Asırlardır bu işle aile bütçesine katkı sağlayan kadınların ürettiği iğne oyaları, tekniği, zarif ve özenli işçiliğinin yanı sıra çeşitliliği dolayısıyla tercih ediliyor.

İznik Belediyesi, iğne oyası sanatında ustalaşan kadınların, bu el emeğini hak ettiği değere taşımak amacıyla "Müşküle iğne oyası" için Türk Patent ve Marka Kurumuna coğrafi işaret başvurusunda bulundu.

İğne oyası işleyen Kamile Tosun, büyüklerinden öğrendikleri bu el sanatını yıllardır yaşattıklarını söyledi.

Çocuklarının düğünlerini iğne oyasından elde ettiği gelirle yaptığını belirten Tosun, şunları kaydetti:

"Kozalardan elde ettiğimiz ipleri, kök boyalarıyla boyar, tarlalarımızdaki üzüm salkımlarını, meyve ve sebze çiçeklerini, yaprakları, iğne oyası çiçeklerimize işlerdik. Düğünlerimizi bu gelirlerle yapar, evimizin geçimini bu iğne oyası gelirleriyle sağlardık. Eskisi kadar kök boya ve kozalarla olmasa da hala bunu yaşatıyoruz. 50 yılı aşkındır iğne oyası yapıyorum. Arkadaşlarımızla sokaklarda toplanır, gün boyu iğne oyası yaparız. Bizim çeyizlerimizi annelerimiz iğne oyalarıyla donatmış, biz de bugün çocuklarımızın çeyizlerini iğne oyalarıyla donatıyoruz. Çevre il ve ilçelerden talepler ve siparişler alıyoruz."
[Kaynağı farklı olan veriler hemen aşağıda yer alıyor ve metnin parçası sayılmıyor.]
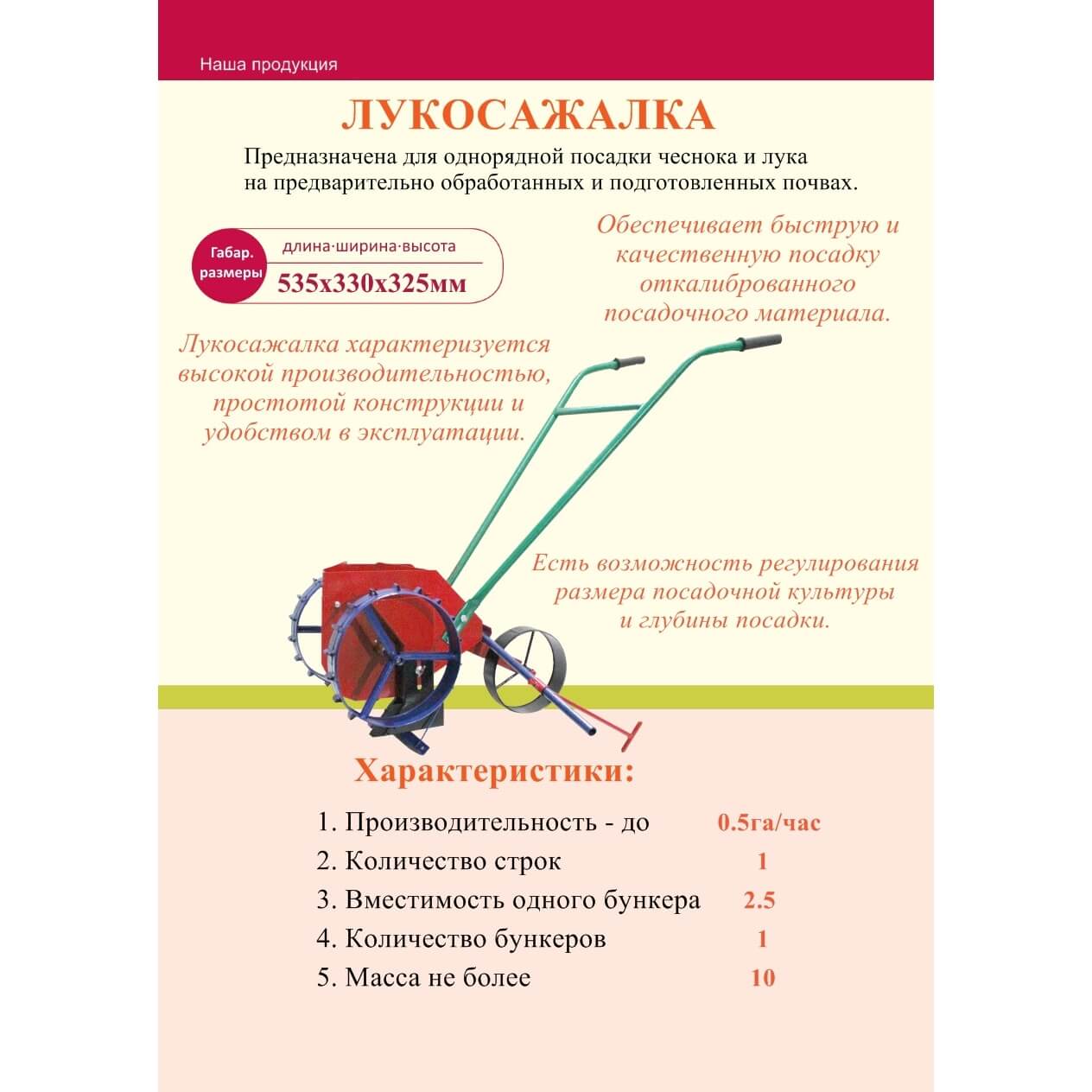Благодаря своей простой конструкции сеялка очень удобна в использовании и приводится в движение одним человеком.
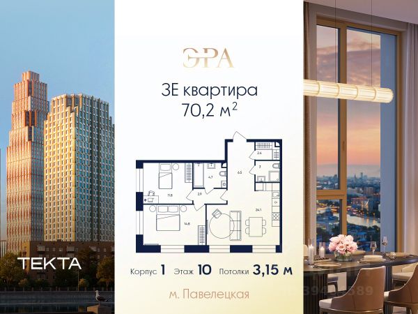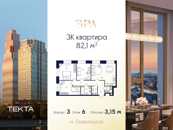 Рассрочка 0% с платежом от 250 000 ₽ в месяц. 3-комн. квартира в ЖК "ЭРА" на 13 этаже в 37 этажном здании Корпус 6. Общая площадь: 66.1 кв.м., жилая: 39.10 кв.м. Высота потолков 3.15 м. Современный премиум-квартал ЭРА на Дербеневской набережной, формирующий новый архитектурный облик Даниловского района Москвы. Жилой комплекс из шести высотных корпусов выполнен в актуальной интерпретации стиля ар-деко, где ритмичные линии фасадов, натуральный мрамор и изысканные орнаменты создают гармоничный и запоминающийся образ. ЭРА предлагает жителям единый просторный закрытый двор. Инфраструктура двора включает разнообразные детские игровые площадки, зоны для занятий спортом, а также места для спокойного отдыха — в всесезонном зеленом лабиринте или яблоневом саду. Для озеленения территории планируется высадка около 3000 деревьев и кустарников. Их сохранность обеспечат система автополива, а для комфорта в холодное время года малые архитектурные формы будут оборудованы подогревом. Вторая очередь комплекса включает три корпуса высотой от 37 до 52 этажей. Впечатляющие входные группы, разработанные бюро ХААСТ, встречают жителей потолками 8,8 метров. В лобби создана атмосфера уюта благодаря индивидуальной ароматизации и музыкальному сопровождению. Здесь же обустроена кофейная зона с профессиональной кофемашиной, а для дополнительного удобства установлен постамат. Высокий стандарт чистоты в любое время года обеспечивают роботы-уборщики, что подчеркивает технологичность комплекса ЭРА. Для комфортного подъезда такси перед каждым корпусом предусмотрены специальные зоны подачи машины и высадки пассажиров. Подземный паркинг на 285 мест. Ключевое преимущество — превосходная локация в развивающемся районе с готовой инфраструктурой. Всего в 5 минутах от Садового кольца, в шаговой доступности от Замоскворечья и набережной Москвы-реки, вы сможете наслаждаться динамикой городской жизни. При этом в самом комплексе на первых этажах будут работать кафе, магазины, салоны красоты и детские образовательные пространства. ЭРА — это гармоничный симбиоз статусного адреса, безупречного сервиса и приватности для жизни вашей мечты.
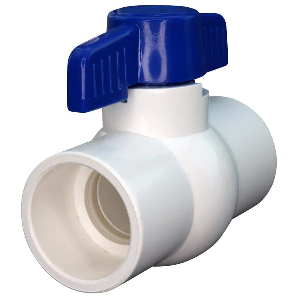 Everbilt PVC Sch. 40 Ball Valves are compact and lightweight. This Slip x Slip valve is designed for a variety of applications including pressure distribution of cold water in irrigation, pool, spa, agricultural, commercial and light industrial applications. Everbilt PVC Sch. 40 ball valves are NSF approved and have EPDM seats and O-rings integrated into the durable PVC body. The full port valve design allows for maximum flow rates with minimal turbulence or pressure reduction.

İğne oyası sanatının Müşküle ile özdeşleştiğini anlatan Tosun, "İğne oyası, kültürümüzün en önemli parçalarından biri. Köyde hemen hemen oya sanatını bilmeyen kadın bulunmaz, bilmeyenler kınanır. Kızlara 7-8 yaşlarından itibaren bu el sanatı öğretilmeye başlanır. Oyalar, çeyizlerimizin vazgeçilmezidir. Kızların çeyizlerinde 200-250, oğlan çeyizinde ise 100'ü geçkin iğne oyası bulunmalıdır." ifadelerini kullandı.